START Input data

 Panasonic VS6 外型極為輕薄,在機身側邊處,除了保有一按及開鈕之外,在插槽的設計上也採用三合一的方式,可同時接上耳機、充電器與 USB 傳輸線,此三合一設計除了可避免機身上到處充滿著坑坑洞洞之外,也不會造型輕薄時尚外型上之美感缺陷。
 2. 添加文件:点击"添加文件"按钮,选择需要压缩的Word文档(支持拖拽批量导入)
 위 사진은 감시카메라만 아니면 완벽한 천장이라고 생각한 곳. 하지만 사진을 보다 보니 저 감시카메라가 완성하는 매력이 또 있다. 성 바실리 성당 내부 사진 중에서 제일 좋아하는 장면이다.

END Input data
START Input data

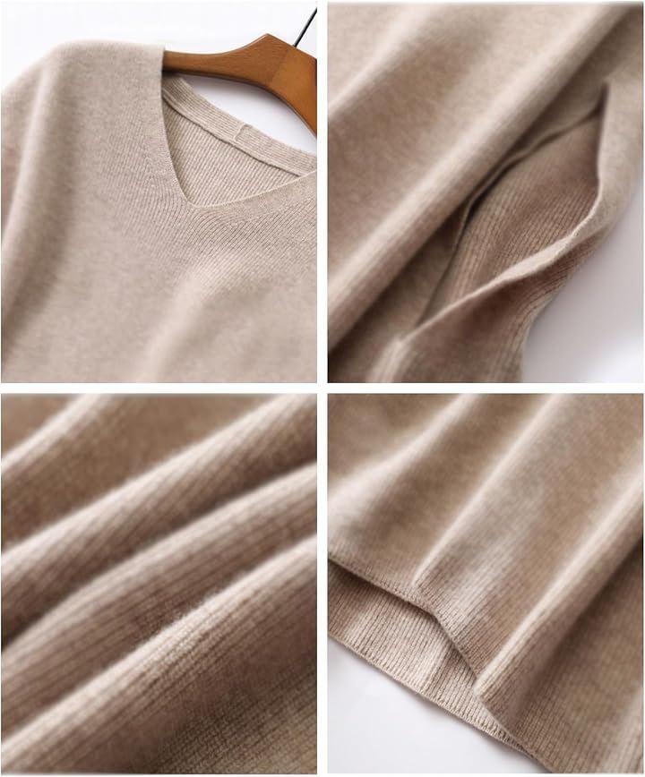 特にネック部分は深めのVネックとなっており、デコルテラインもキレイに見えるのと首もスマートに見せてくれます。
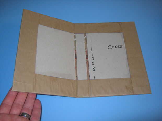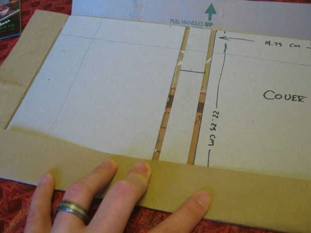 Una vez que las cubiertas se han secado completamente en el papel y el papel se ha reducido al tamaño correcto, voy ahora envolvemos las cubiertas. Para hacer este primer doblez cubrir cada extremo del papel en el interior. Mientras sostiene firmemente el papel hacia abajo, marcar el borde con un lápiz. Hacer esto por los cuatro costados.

END Input data

Reproduce exactly the section above that begins at the line containing "VS6 外型極為輕薄,在機身側邊處,除了保有一按及開鈕之外,在插槽的設計上也採用三合一的方式,可同時接上耳機、充電器與 USB" and ends at the line containing "위 사진은 감시카메라만", leaving out all other lines.

Task output>
 Panasonic VS6 外型極為輕薄,在機身側邊處,除了保有一按及開鈕之外,在插槽的設計上也採用三合一的方式,可同時接上耳機、充電器與 USB 傳輸線,此三合一設計除了可避免機身上到處充滿著坑坑洞洞之外,也不會造型輕薄時尚外型上之美感缺陷。
 2. 添加文件:点击"添加文件"按钮,选择需要压缩的Word文档(支持拖拽批量导入)
 위 사진은 감시카메라만 아니면 완벽한 천장이라고 생각한 곳. 하지만 사진을 보다 보니 저 감시카메라가 완성하는 매력이 또 있다. 성 바실리 성당 내부 사진 중에서 제일 좋아하는 장면이다.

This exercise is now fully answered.